Note that the ID is printed only when CONFIG_STACKTRACE_BUILD_ID
is enabled. It will be used only by some distros/vendors that
use it to download the debuginfo packages.

Best Regards,
Petr
David Laight May 11, 2021, 2:31 p.m. UTC | #6
From: Petr Mladek
> Sent: 11 May 2021 15:22
> 
> On Tue 2021-05-11 12:58:47, David Laight wrote:
> > From: Steven Rostedt
> > > Sent: 11 May 2021 13:53
> > >
> > > On Tue, 11 May 2021 12:36:06 +0000
> > > David Laight <David.Laight@ACULAB.COM> wrote:
> > >
> > > > >  x1 : ffffff93fef15788 x0 : ffffffe3622352e0
> > > > >  Call trace:
> > > > >   lkdtm_WARNING+0x28/0x30 [lkdtm ed5019fdf5e53be37cb1ba7899292d7e143b259e]
> > > > >   direct_entry+0x16c/0x1b4 [lkdtm ed5019fdf5e53be37cb1ba7899292d7e143b259e]
> > > > >   full_proxy_write+0x74/0xa4
> > > >
> > > > Is there any way to get it to print each module ID only once?
> > >
> > > If there's a trivial way to do that, then perhaps it should be done, but for
> > > now, this patch series isn't as obnoxious as the previous versions.

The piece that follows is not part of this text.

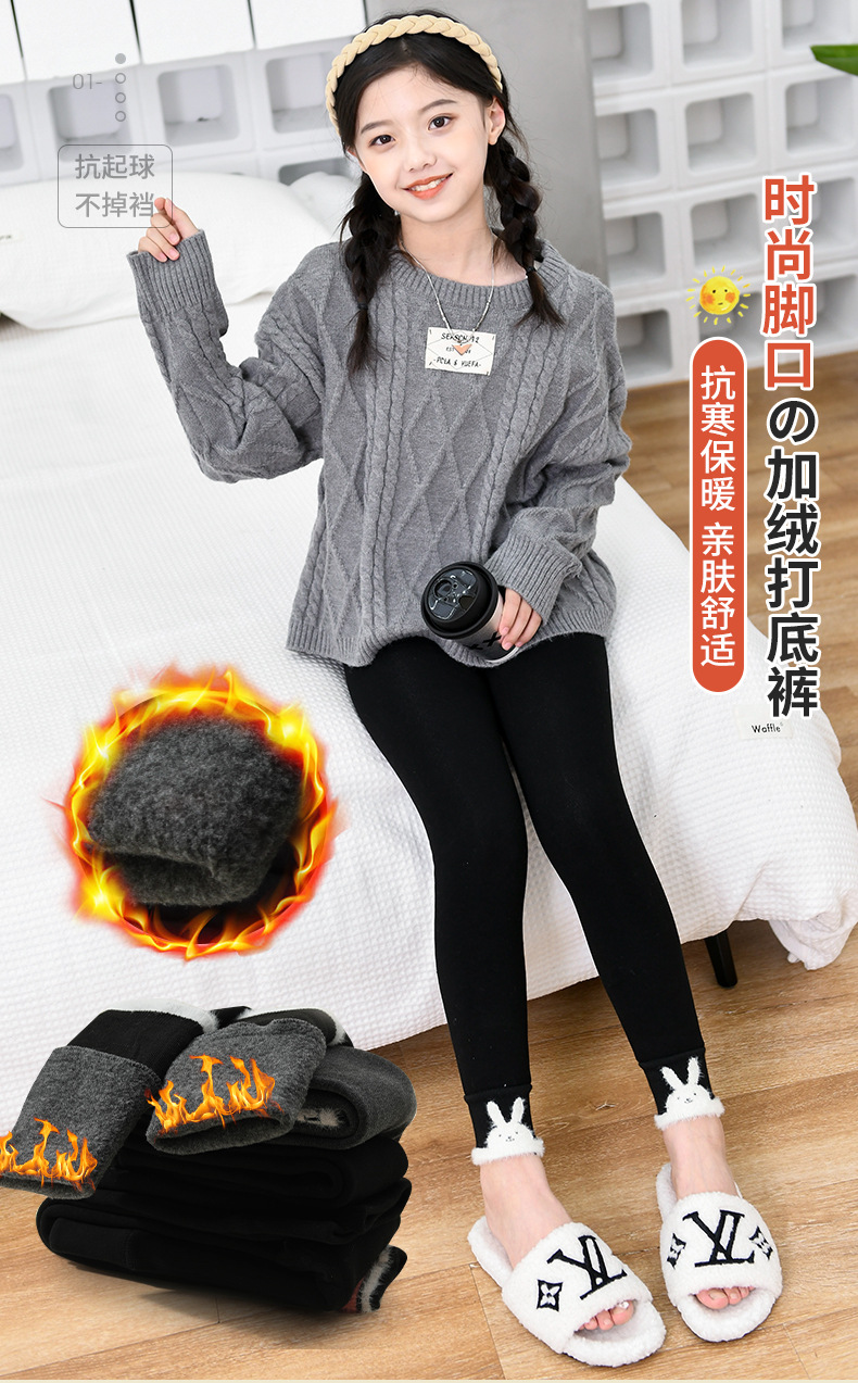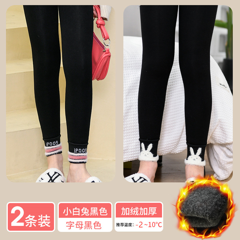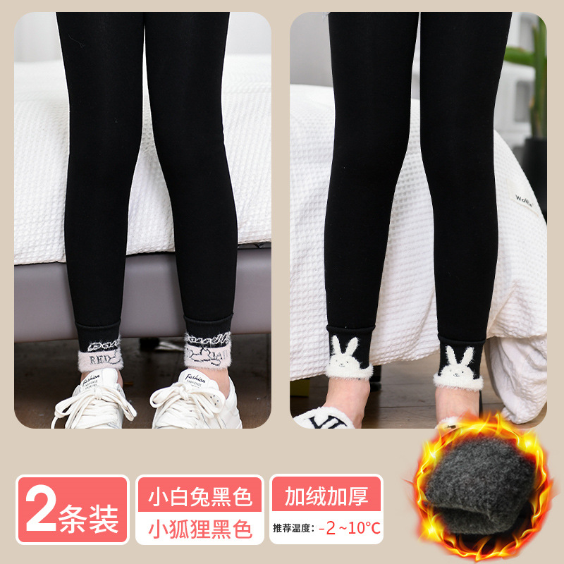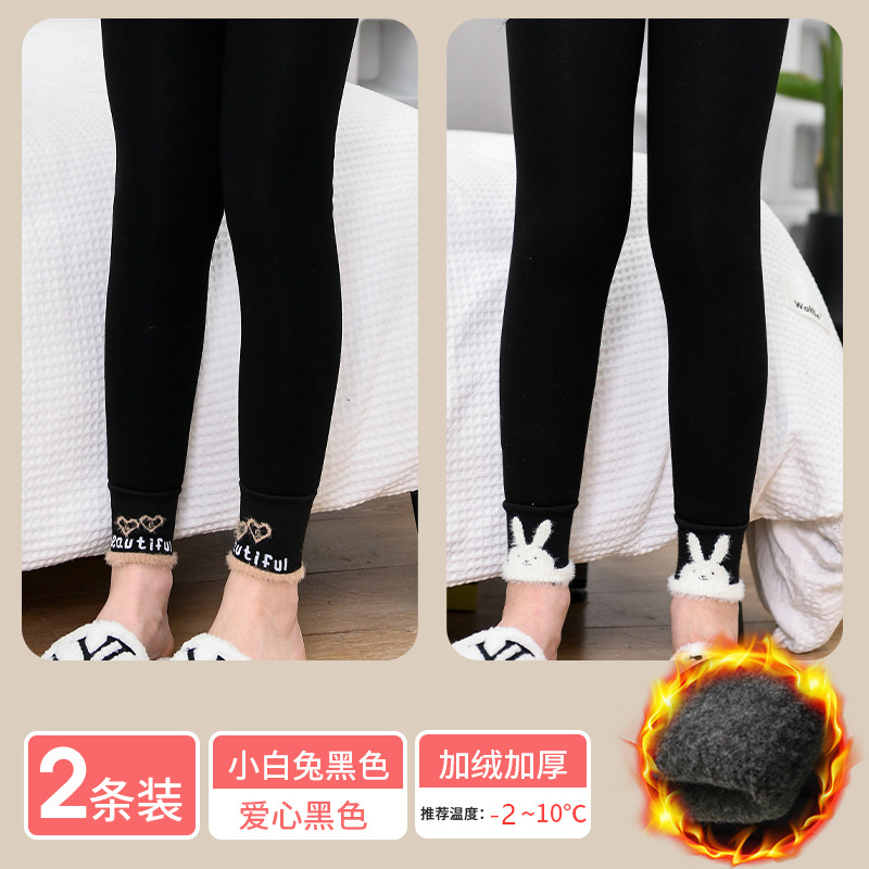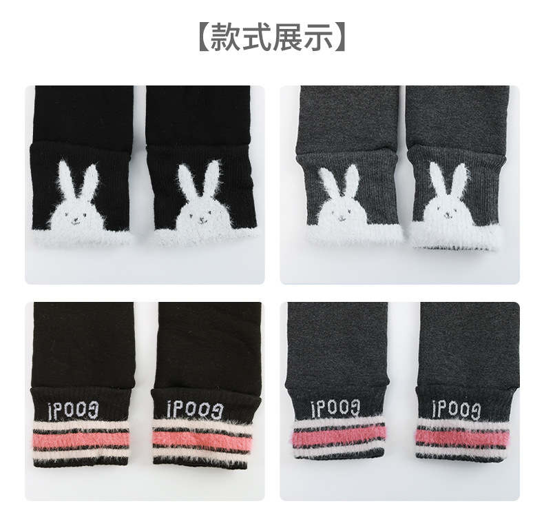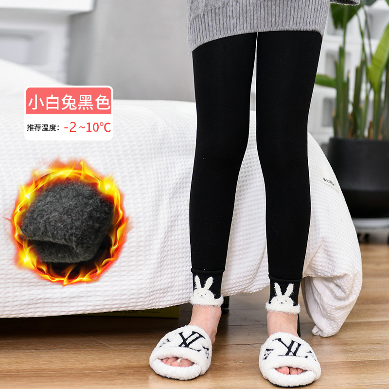 겨울 기모 두꺼운 여아 레깅스 토끼 어린이 바지 따뜻한 고탄성 허리 보호 허리 입 고탄성
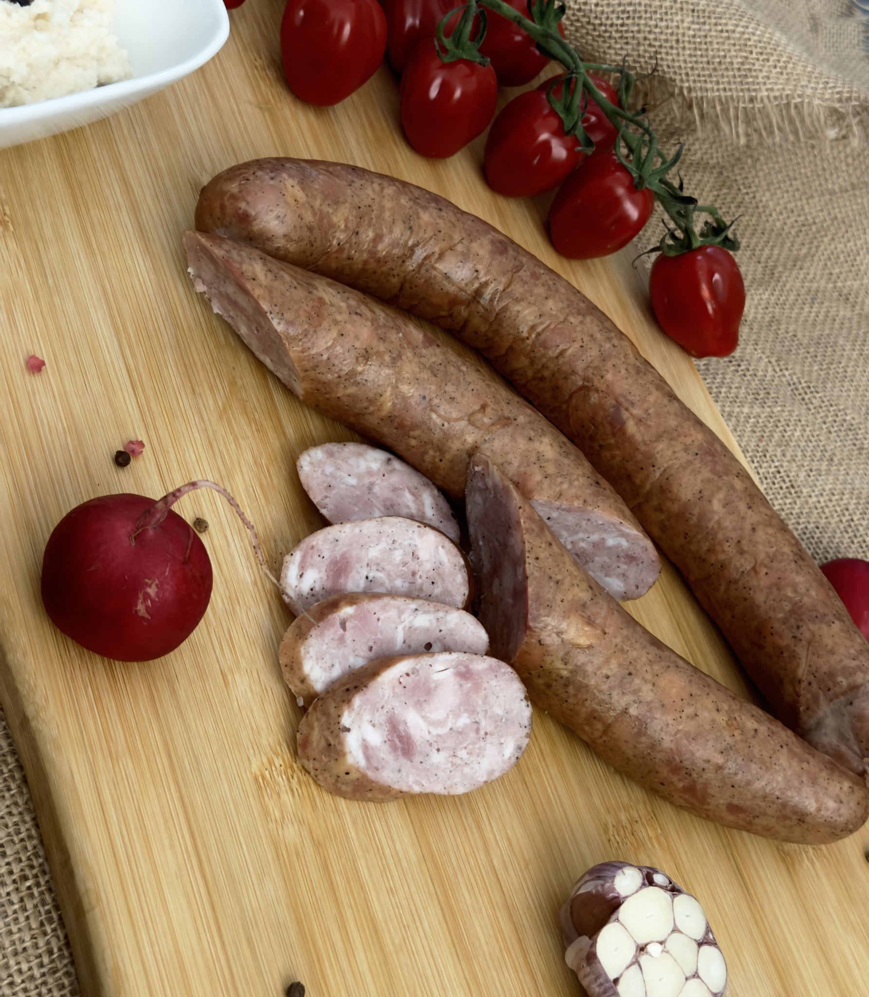 Kiełbasa wiejska z Kuznocina – Nasz flagowiec. Mocno wędzona, z wyraźną nutą czosnku i grubo mielonym pieprzem.

It only
> > > affects stack traces, and I'm fine with that.
> >
> > True. Printing the id in the module list was horrid.
> >
> > The real downside is all the extra text that will overflow the
> > in-kernel buffer.
> > At least it shouldn't be extra lines causing screen wrap.
> > Unless the variable names are long - hi rust :-)
> 
> Note that the ID is printed only when CONFIG_STACKTRACE_BUILD_ID
> is enabled. It will be used only by some distros/vendors that
> use it to download the debuginfo packages.

Until Ubuntu decide to turn it on :-)

Actually, for the use case, the id could be trimmed significantly.
It is only trying to differentiate between builds of a specific module.
So even 8 digits would be plenty.

	David

-
Registered Address Lakeside, Bramley Road, Mount Farm, Milton Keynes, MK1 1PT, UK
Registration No: 1397386 (Wales)
Matthew Wilcox (Oracle) May 11, 2021, 2:35 p.m. UTC | #7
On Tue, May 11, 2021 at 02:31:38PM +0000, David Laight wrote:
> Actually, for the use case, the id could be trimmed significantly.
> It is only trying to differentiate between builds of a specific module.
> So even 8 digits would be plenty.

asked and answered.  please review the bidding.